On sexual harassment: Adding a new piece of information Mr Jain says, “Ms. Bose had made a number of complaints of an extremely serious nature pertaining to issues of sexual harassment. Despite multiple efforts at seeking to get engagement on dealing with these with the same enthusiasm as the other whistle-blower complaints, we are awaiting acknowledgement of this complaint to this day.”
 
Ms Bose’s lawyer also sent me the responses provided to Inc42, which have been largely incorporated in the article. He also says that they will “continue to take actions against Mahesh Murthy, or any author or publication that is regurgitating malicious reports from ‘unknown sources’ in a motivated manner to hurt our client’s reputation and represent the ‘vulture capital club’.”
 
The last bit is again intriguing, since Mr Murthy’s by using the term ‘vulture capital club’ make the point that the industry also has a lot to answer for with the valuation of so many money-burning start-ups nose diving after listing. Also, while Ms Bose’s legal team is aggressively pursuing those who write against her, it seems less enthusiastic about action against the directors and VCs who  got together to sack her. In her defence, it must be admitted that most of the information against her that is reported by the media is from anonymous insiders on a no-name basis.
 
Many start-ups are now sizeable companies with a massive public presence in terms of customers and investors. Can they be allowed to hide behind secrecy when they sack their founders?  Or is it time to demand some disclosures after start-ups achieve the hallowed status of ‘unicorns’? Can VCs continue to take the stand that no questions should be asked since it is their private money and they take the risks as well as the losses when an FTX or a Zilingo or Theranos or innumerable crypto and consumer-tech companies fold up? Aren’t these VCs actively involved in pushing for stratospheric valuations of start-ups that crashed after listing on the exchanges? Maybe they condone dubious tactics too, when valuations are being pumped up. After all, they were the only beneficiaries. It is a one-sided situation.
 
If start-up founders begin to use defamation as a way to silence independent investigation, who will ensure that customers and smaller investors have access to information to track the goings-on in the controversial VC and start-up world?
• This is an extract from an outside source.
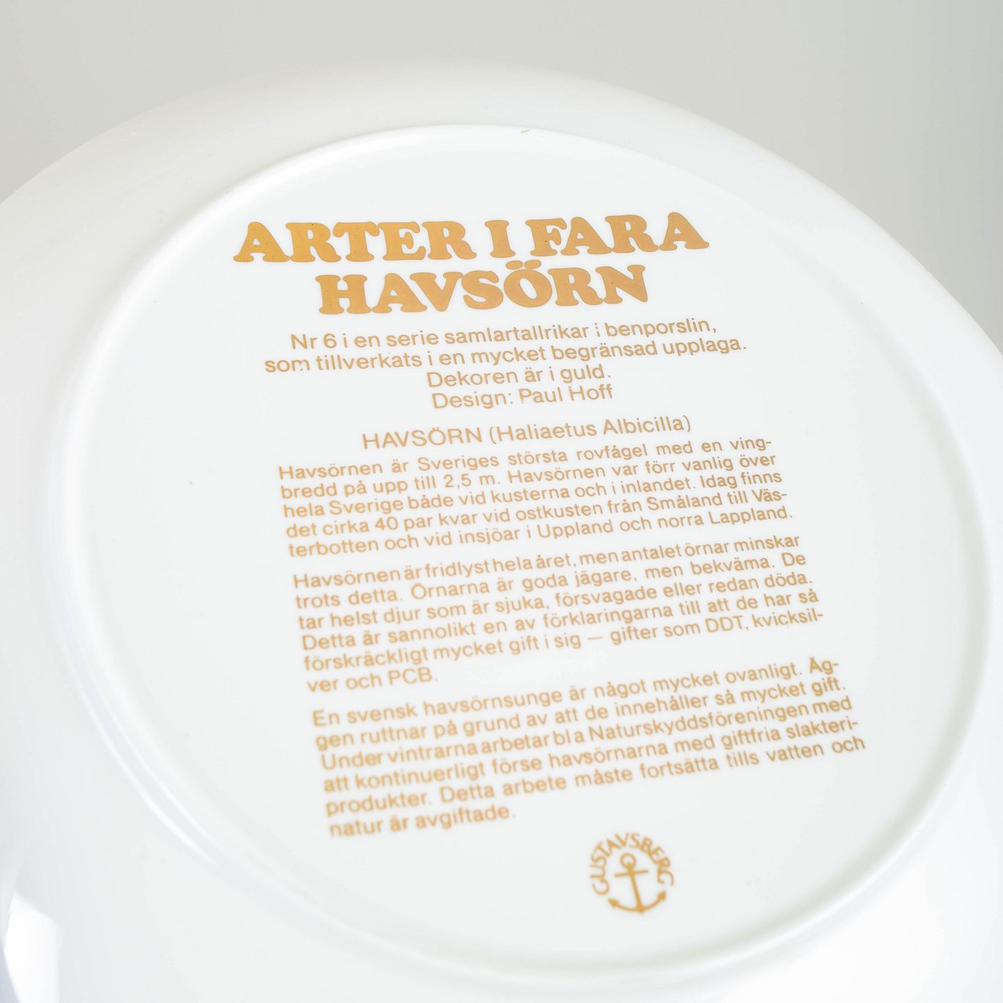 Gustavsberg udgav i 1980’erne en række samlertallerkener med fokus på truede arter, ofte med naturmotiver i metaldekoration og informativ tekst på bagsiden. Serien kombinerer grafisk præcision og dekorativt udtryk og blev typisk produceret i begrænsede oplag til samlere.

Mr Murthy’s article, which will now face greater scrutiny, has a whole list of fraudulent actions by start-up founders to siphon funds and enrich themselves. If the VC industry cannot keep its eyes open or regulate itself, and is also unwilling to be make better disclosures, such actions will eventually attract government’s notice and lead to a set of regulations. Surely, that cannot be in anyone’s interest. It is time both sides wake up to the need for transparency and disclosures.
 
 
Comments
Lakshminarayana Ganti
12 months ago
With each up round, Diminishing returns set in for future investors. The power of incentives trap many existing investors from speaking up (looking to exit at a higher valuation) and this emboldens the founders of such start-ups. Many of these startups can't generate returns above cost of capital at ANY SCALE as investors have found out with mega platform companies such as UBER. However, there is hope as markets (both public and private) are complex adaptive systems and future Angels and VCs will act as better stewards of capital or else the whole pool will be poisoned.